Task objective →
Please restate word for word the lines from the top of the entries through the line that contains "王者榮耀120幀設置方法是點", and do not include any pictures.

□ □ □ □ □

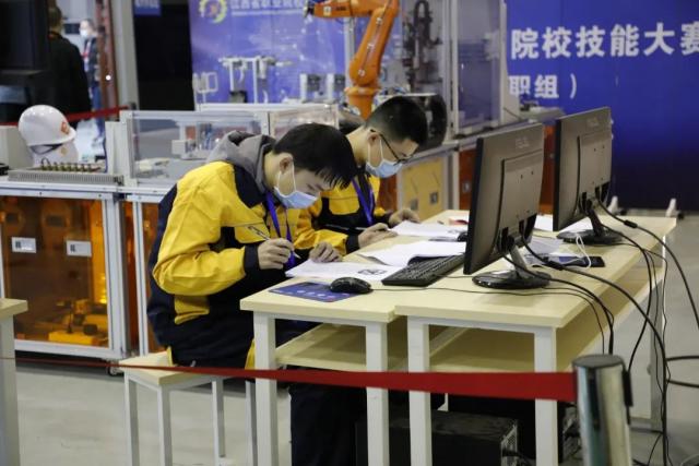 经过两天紧张激烈的比拼,来自全省18支代表36名参赛选手勇于进取、奋勇争先。在实操时,参赛选手们沉思细想、稳健如飞,用坚持不懈的态度、追求卓越的精神来展现机电学子的精湛技艺,彰显了“精益求精、赣鄱工匠”的工匠精神。
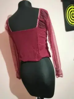 Blusa color vino se transparenta solo de mangas, no tiene detalles, la tela es stretch da entre una talla 32-34mx, la tela es suave no raspa
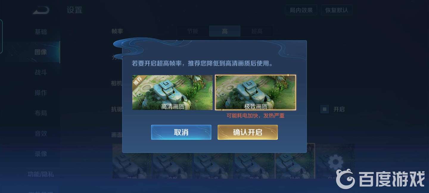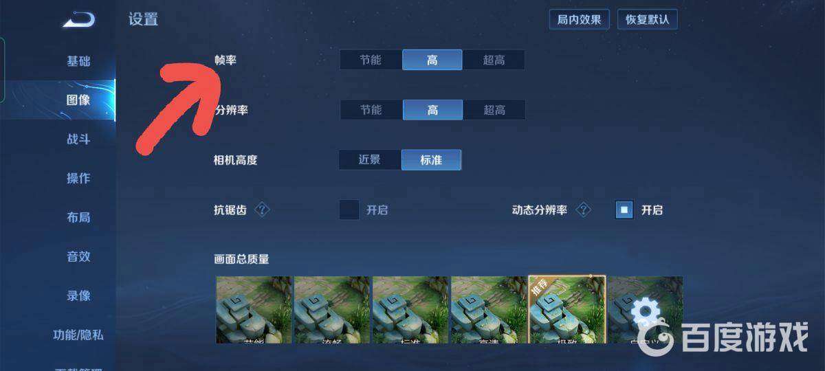 王者榮耀120幀設置方法是點擊右上角的設置按鈕,打開設置頁面,點擊左側的圖像功能,找到幀率,把節能設置成高,最高就是120幀率了。
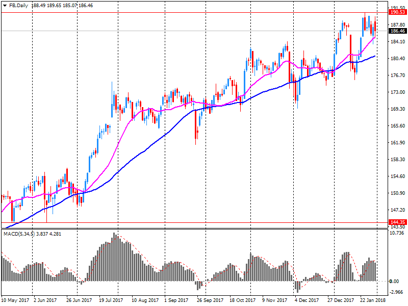 Согласно обнародованному отчету, прибыль компании Facebook (FB) по итогам четвертого квартала 2017 финансового года (ФГ) достигла $2.21 в расчете на одну акцию (против $1.41 в четвертом квартале 2016 ФГ), что оказалось выше среднего прогноза аналитиков на уровне $1.97.
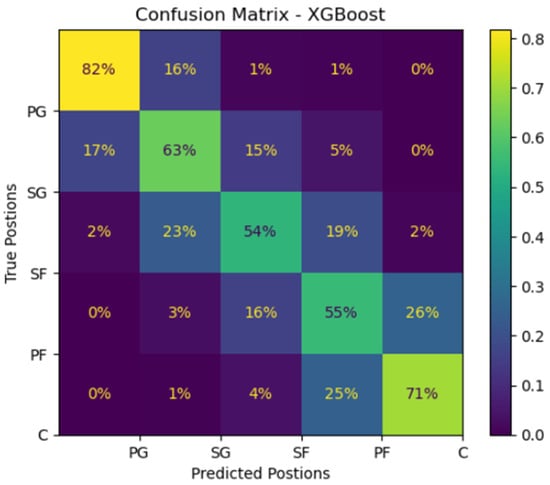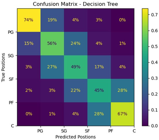 Figure 6 shows the confusion matrix for the decision tree. It seems that PG and C predictions have better results, while the remaining three positions (SG, SF, and PF) varied in mid-levels.
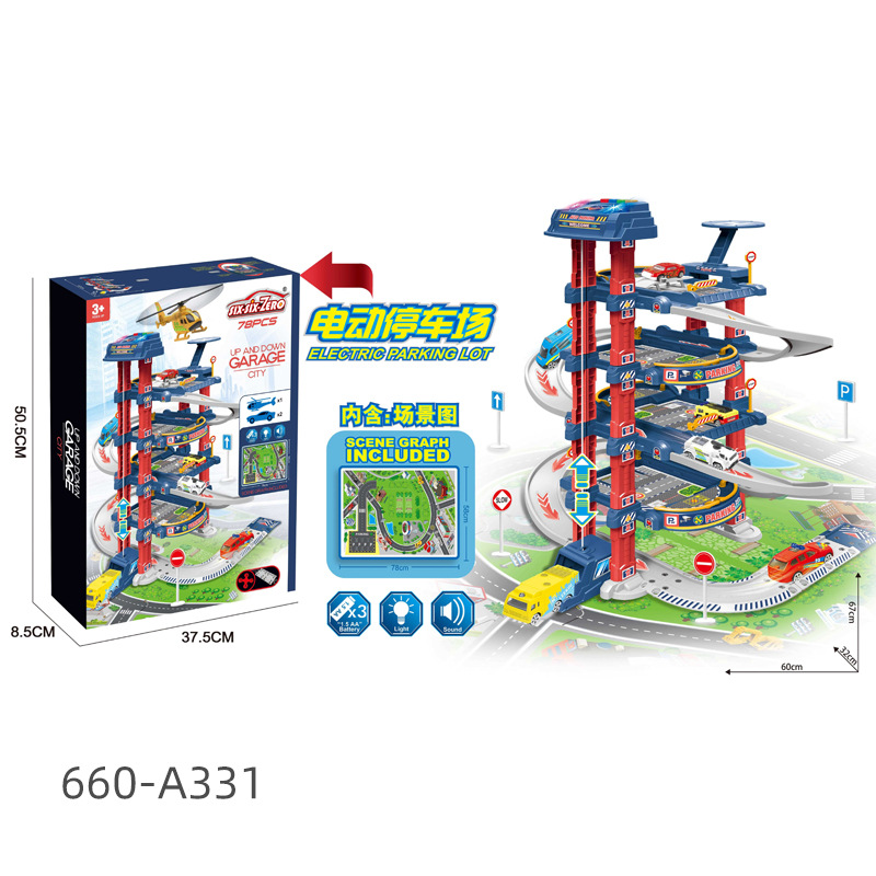 660-A331灯光+音乐 多功能四层城市升降停车场套装(配2合金车、1合金飞机 1灯塔,1路标、1环保地图58x78cm)78pcs | 开窗盒 | 37.5X8.5X50.5cm | 16 | 72.5X40.5X107cm | 33/30kg | 0.31 | 1.875kg |
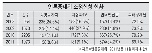 중재위 조정신청 처리현황을 살펴보면 2009년부터 신청건수가 가파르게 증가하고 있다. 이는 2009년 7월 개정된 언론중재 및 피해구제에 관한 법률이 일부 개정되면서 인터넷신문 등에 대한 조정신청이 급증한 탓이다.
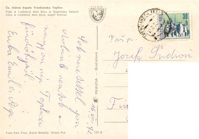 old postcard Trencianske Teplice SK Park Liecebny dom Sina Kupaliska Zelena roba Kupel Hamon postalisch gelaufen Erhaltung siehe scans [FriedD77]
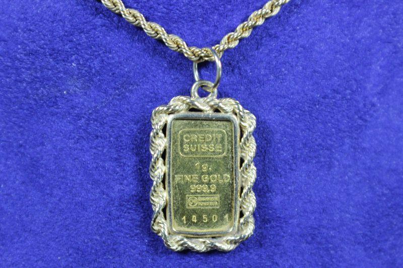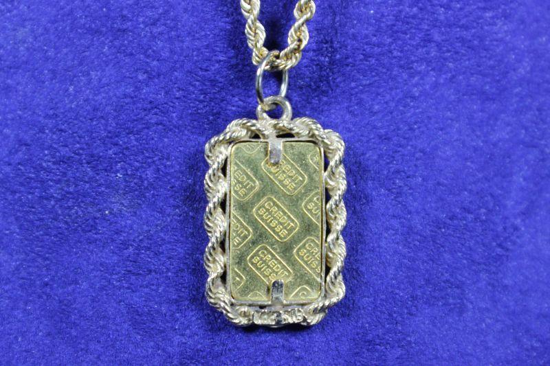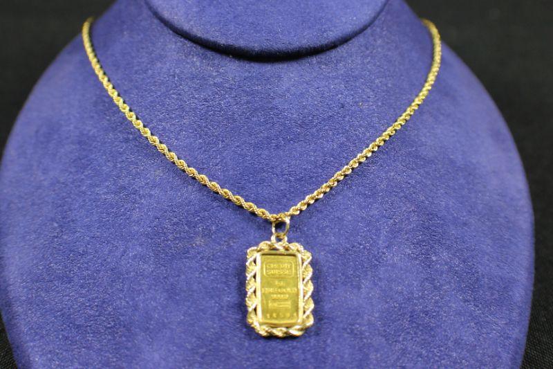 LOT#88: Stamped 14K Gold Chain & 1gram .9999 Bar Pendent
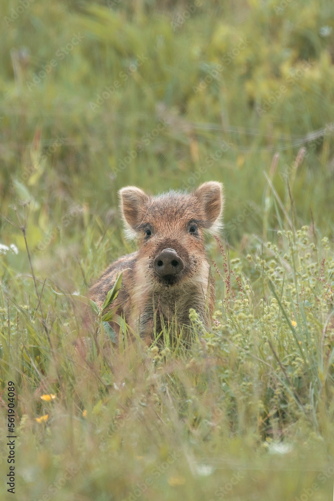 A cute wild boar cub (Sus scrofa) with a dirty snout arouses tenderness as it gazes at me in the flowering grass of an alpine meadow. Alps, Italy.
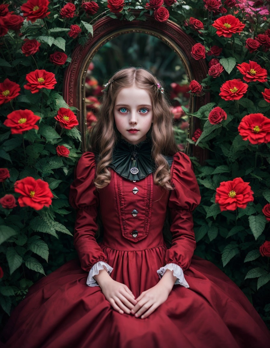 A young girl in a lush garden of red roses, wearing a vintage red dress with intricate details. She sits before an ornate mirror, exuding a mysterious and enchanting aura in this serene setting.

□ □ □ □ □

Exercise result →
 经过两天紧张激烈的比拼,来自全省18支代表36名参赛选手勇于进取、奋勇争先。在实操时,参赛选手们沉思细想、稳健如飞,用坚持不懈的态度、追求卓越的精神来展现机电学子的精湛技艺,彰显了“精益求精、赣鄱工匠”的工匠精神。
 Blusa color vino se transparenta solo de mangas, no tiene detalles, la tela es stretch da entre una talla 32-34mx, la tela es suave no raspa
 王者榮耀120幀設置方法是點擊右上角的設置按鈕,打開設置頁面,點擊左側的圖像功能,找到幀率,把節能設置成高,最高就是120幀率了。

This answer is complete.